In this specific case(Phala-Network/runtime-bridge#83), the user started the tool when both the parent chain and the parachain were synched to the network height. Its jsonrpc session was frozen when querying getFinalizedHead on 2022-04-19T08:23:29.530Z where it turned to the 1503872rd block of the Khala chain.

Since I am not familiar with Substate and Rust, I can only guess that querying getFinalizedHead while the parachain node is finalizing a new coming block would cause a dead lock. Correct me if I'm wrong :)

I can set a watchdog for the jsonrpc session's keepalive failure for a workaround, but it do affect the reliability of the mining toolchains and the earning and income of the miners.

niklasad1 commented 2 years ago

hmm, so you don't have any logs from node that you connected to?

Did you try to drop the WebSocket connection and start a new one?

My hunch is that you run in to https://github.com/paritytech/substrate/issues/10672

krhougs commented 2 years ago

For this case we used RUST_LOG="trace,soketto=warn,jsonrpsee_ws_client=warn,remote-ext=warn,trie=warn,wasmtime_cranelift=warn" but nothing valuable found from the output.

Full log: https://github.com/Phala-Network/runtime-bridge/files/8511920/NODE.%2B.data_provider.zip

niklasad1 commented 2 years ago

Hey again,

Thanks for the logs but there are only node logs from 2022-04-19 08:26 because the actual getFinalizedHead call was made around 2022-04-19 08:24. So can you provide the full logs from the node please?

It should be sufficient to run with rpc node with RUST_LOG="rpc=debug" to begin with.

bkchr commented 2 years ago

@niklasad1 something I thought about. Why isn't this "ping-pong" mechanism that polkadot-js uses not backed into the protocol?

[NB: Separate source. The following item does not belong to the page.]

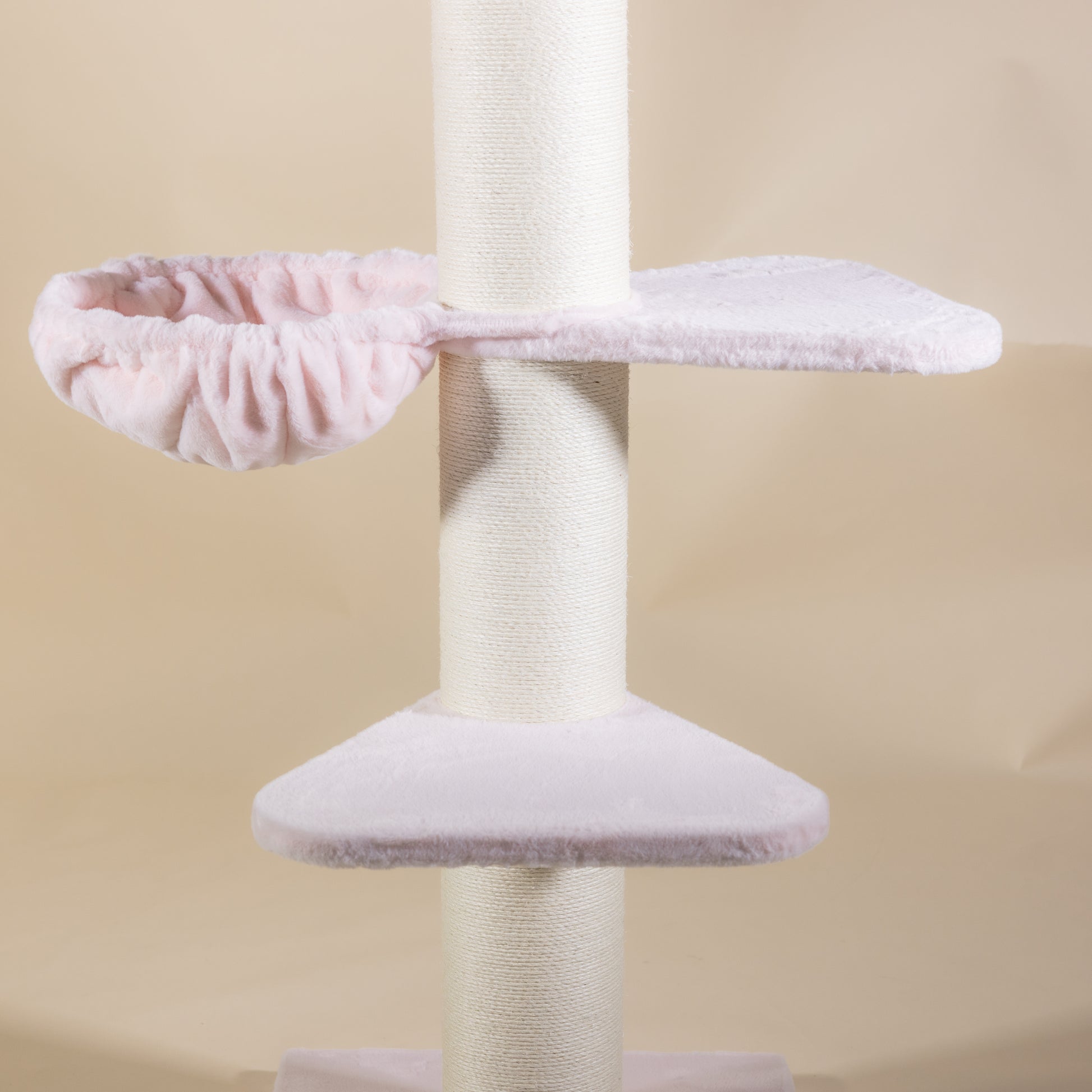 The Royal Cat Tree Royalty Plus Pink Teddy, with its 20 cm thick sisal poles, large de Luxe hammock and large lying areas, has been one of the most popular cat trees from RHR Pets for years. This is because of the many scratching possibilities, lying areas, the super large cat Lounge measuring 60 cm wide and its luxurious appearance!

niklasad1 commented 2 years ago

something I thought about. Why isn't this "ping-pong" mechanism that polkadot-js uses not backed into the protocol?

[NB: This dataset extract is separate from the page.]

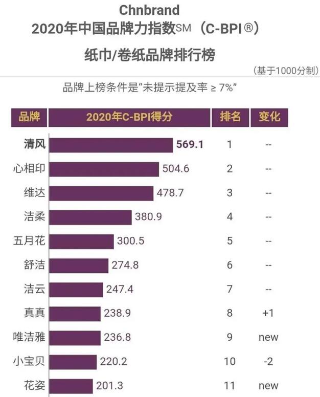 清風(fēng)能夠連續(xù)兩年榮獲“2020年C-BPI中國(guó)品牌榜紙巾/卷紙類第一品牌*”,同公司品牌真真和唯潔雅也成功躋身前十,這不僅證明產(chǎn)品品質(zhì)得到認(rèn)可,更意味著品牌獲得廣大消費(fèi)者的喜愛與支持。

Good question, it should be "baked" into the WebSocket protocol but when I checked polkadot-js it doesn't really use WebSocket ping/pong instead the warnings are printed when a call takes longer than some pre-defined timeout but I could be wrong.

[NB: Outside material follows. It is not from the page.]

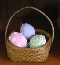 Put the eggs in a cute little basket, or on an egg stand. Napkin rings make good egg stands, or you can make one from clay as shown in the photo. Cut two discs or flowers from clay, stack them, then press a real or plastic egg into the top to make an impression for the clay egg to sit in.

soketto supports it and ws-rs "should too"

bkchr commented 2 years ago

@jacogr why not use the "ping-pong" protocol of websockets?

jacogr commented 2 years ago

I honestly cannot recall as to why system_health is specifically used to keep the connection open in a ping/pong fashion. This is all from early 2018. All I know is that the server drops the connection is we don't specifically do it, i.e. if the server doesn't receive anything from the client inside a 60 second period it drops and assumes the client is dead ...which is not that useful if you have subscriptions open....

(The timeout on specific calls is something completely different, it is on a per-call basis where it assumes something went wrong if a reponse is not received for a query inside a timeout window)

Can certainly investigate WS-specific ping/pong, not sure if all the clients libs have it either (there are eg. different usages for Node.js vs the browser). Never looked into it, so cannot comment on server or client lib support and if it gets around the underlying drops.

(Although this doesn't look promising, it mentions the ping/pong is normally from the server, not client - https://stackoverflow.com/a/50883592 and this mentions specifically that the JS browser side doesn't have control of it https://stackoverflow.com/a/10586583 so it would rather seem like a server-side config)

niklasad1 commented 2 years ago

Ok, we can add these as "server-side pings" when jsonrpsee is a thing in substrate if that works better because soketto supports it but it needs a fix in jsonrpsee (should be trivial though)